- _Work instructions_: When you restate the entries that follow, keep every word exactly and drop the pictures.

[Collection entries]
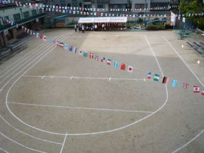 今日10月11日(日)は,本校運動場で新道体育振興会主催の『 新道学区民「体育の集い」』が開催されます。ご覧のように準備が整い,午前9時からの開会式を待つだけになっています。
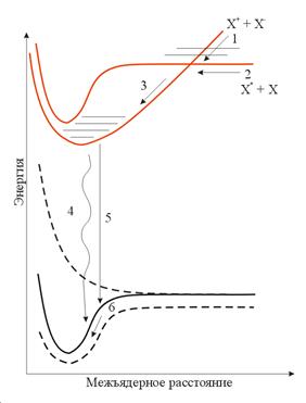 При высоком давлении газа в рабочем объеме быстрая электронная и колебательная релаксация приводит к заселению наинизших уровней ионных термов. Чтобы эти процессы оказались эффективными, молекула не должна иметь отталкивательных потенциальных кривых, соответствующих атомам в основных состояниях и пересекающих потенциальные кривые связанных верхних состояний. Дезактивация верхних уровней происходит за счет излучения (процесс 4) и тушения (процесс 5), первый из которых является желательным, а второй - нежелательным процессом. Из спектроскопических измерений следует, что излучательные процессы заканчиваются на высоких колебательных уровнях нижней потенциальной кривой, которая не представляет собой основное состояние. Последующие столкновения в газе способствуют быстрой колебательной релаксации или даже диссоциации нижнего уровня, поддерживая таким образом инверсию населенностей. К заселению верхнего лазерного уровня могут приводить несколько различных процессов. Нижний уровень не обязательно является самым низким энергетическим состоянием молекулы.
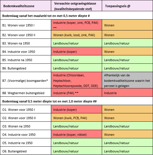 De gemiddelde gehalten van de bodemkwaliteitszones (zie bijlage 4, kolom 'Gem') zijn getoetst aan de normen uit de Regeling bodemkwaliteit[bronvermelding 11] hierna aangeduid als ‘de Regeling’. De bodemkwaliteitszones kunnen vallen in de bodemkwaliteitsklasse ‘Landbouw/natuur (Achtergrondwaarden - AW2000)’, ‘Wonen’ of ‘Industrie’. De toetsingsmethodiek voor het bepalen van de bodemkwaliteitsklasse is opgenomen in bijlage 1 onder het kopje ‘Bodemkwaliteitsklasse’. De toetsingsmethodiek voor het bepalen van de kwaliteitsklasse ‘Wonen’ is voor de bodemkwaliteitsklasse minder streng dan de toetsingsmethodiek voor het bepalen van de ontgravingsklasse (zie ook § 3.8.3 en bijlage 1 onder het kopje ‘Ontgravingskaart’). Met de minder strenge toets wordt voorkomen dat de bodemkwaliteit van een gebied op basis van één stof wordt ingedeeld in de bodemkwaliteitsklasse ‘Industrie’. Dit zou in de praktijk de ongewenste situatie kunnen opleveren dat ook voor alle overige stoffen minder strenge regels gelden en de concentraties kunnen toenemen tot de maximale waarden voor de functie Industrie. Hierdoor verslechtert de kwaliteit van het gebied. Dit doet zich met name voor bij licht verontreinigde industriegebieden.
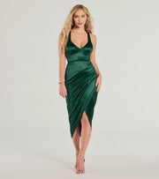 This captivating dress features a sheath silhouette, hugging the body gracefully for a vivid and memorable look. The V neck design adds a touch of charming allure. With a sleeveless cut, it keeps a sleek and modern style. The crisscross back detail ensures a lovely and seamless fit, and the midi - length skirt makes for a truly captivating and unforgettable appearance, perfect for prom events.
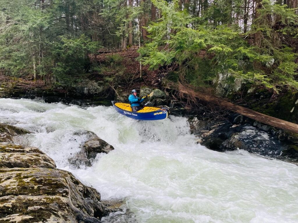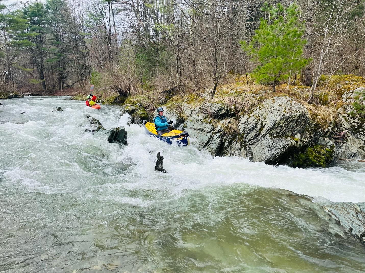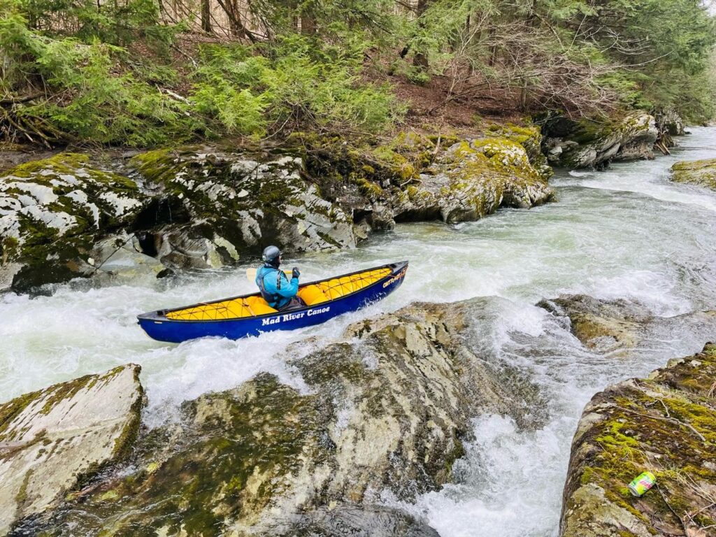 The first rapid in the gorge is Taste of Vermont (III). Taste of Vermont is a clean-narrow ledge-slide on river left. Again, like the other rapids on this run, look for wood which is common at the entrance and bottom of Taste of Vermont. There’s a large eddy on river right before the entrance that makes for easy wood scouting.

- _Your solution_:
 今日10月11日(日)は,本校運動場で新道体育振興会主催の『 新道学区民「体育の集い」』が開催されます。ご覧のように準備が整い,午前9時からの開会式を待つだけになっています。
 При высоком давлении газа в рабочем объеме быстрая электронная и колебательная релаксация приводит к заселению наинизших уровней ионных термов. Чтобы эти процессы оказались эффективными, молекула не должна иметь отталкивательных потенциальных кривых, соответствующих атомам в основных состояниях и пересекающих потенциальные кривые связанных верхних состояний. Дезактивация верхних уровней происходит за счет излучения (процесс 4) и тушения (процесс 5), первый из которых является желательным, а второй - нежелательным процессом. Из спектроскопических измерений следует, что излучательные процессы заканчиваются на высоких колебательных уровнях нижней потенциальной кривой, которая не представляет собой основное состояние. Последующие столкновения в газе способствуют быстрой колебательной релаксации или даже диссоциации нижнего уровня, поддерживая таким образом инверсию населенностей. К заселению верхнего лазерного уровня могут приводить несколько различных процессов. Нижний уровень не обязательно является самым низким энергетическим состоянием молекулы.
 De gemiddelde gehalten van de bodemkwaliteitszones (zie bijlage 4, kolom 'Gem') zijn getoetst aan de normen uit de Regeling bodemkwaliteit[bronvermelding 11] hierna aangeduid als ‘de Regeling’. De bodemkwaliteitszones kunnen vallen in de bodemkwaliteitsklasse ‘Landbouw/natuur (Achtergrondwaarden - AW2000)’, ‘Wonen’ of ‘Industrie’. De toetsingsmethodiek voor het bepalen van de bodemkwaliteitsklasse is opgenomen in bijlage 1 onder het kopje ‘Bodemkwaliteitsklasse’. De toetsingsmethodiek voor het bepalen van de kwaliteitsklasse ‘Wonen’ is voor de bodemkwaliteitsklasse minder streng dan de toetsingsmethodiek voor het bepalen van de ontgravingsklasse (zie ook § 3.8.3 en bijlage 1 onder het kopje ‘Ontgravingskaart’). Met de minder strenge toets wordt voorkomen dat de bodemkwaliteit van een gebied op basis van één stof wordt ingedeeld in de bodemkwaliteitsklasse ‘Industrie’. Dit zou in de praktijk de ongewenste situatie kunnen opleveren dat ook voor alle overige stoffen minder strenge regels gelden en de concentraties kunnen toenemen tot de maximale waarden voor de functie Industrie. Hierdoor verslechtert de kwaliteit van het gebied. Dit doet zich met name voor bij licht verontreinigde industriegebieden.
 This captivating dress features a sheath silhouette, hugging the body gracefully for a vivid and memorable look. The V neck design adds a touch of charming allure. With a sleeveless cut, it keeps a sleek and modern style. The crisscross back detail ensures a lovely and seamless fit, and the midi - length skirt makes for a truly captivating and unforgettable appearance, perfect for prom events.
 The first rapid in the gorge is Taste of Vermont (III). Taste of Vermont is a clean-narrow ledge-slide on river left. Again, like the other rapids on this run, look for wood which is common at the entrance and bottom of Taste of Vermont. There’s a large eddy on river right before the entrance that makes for easy wood scouting.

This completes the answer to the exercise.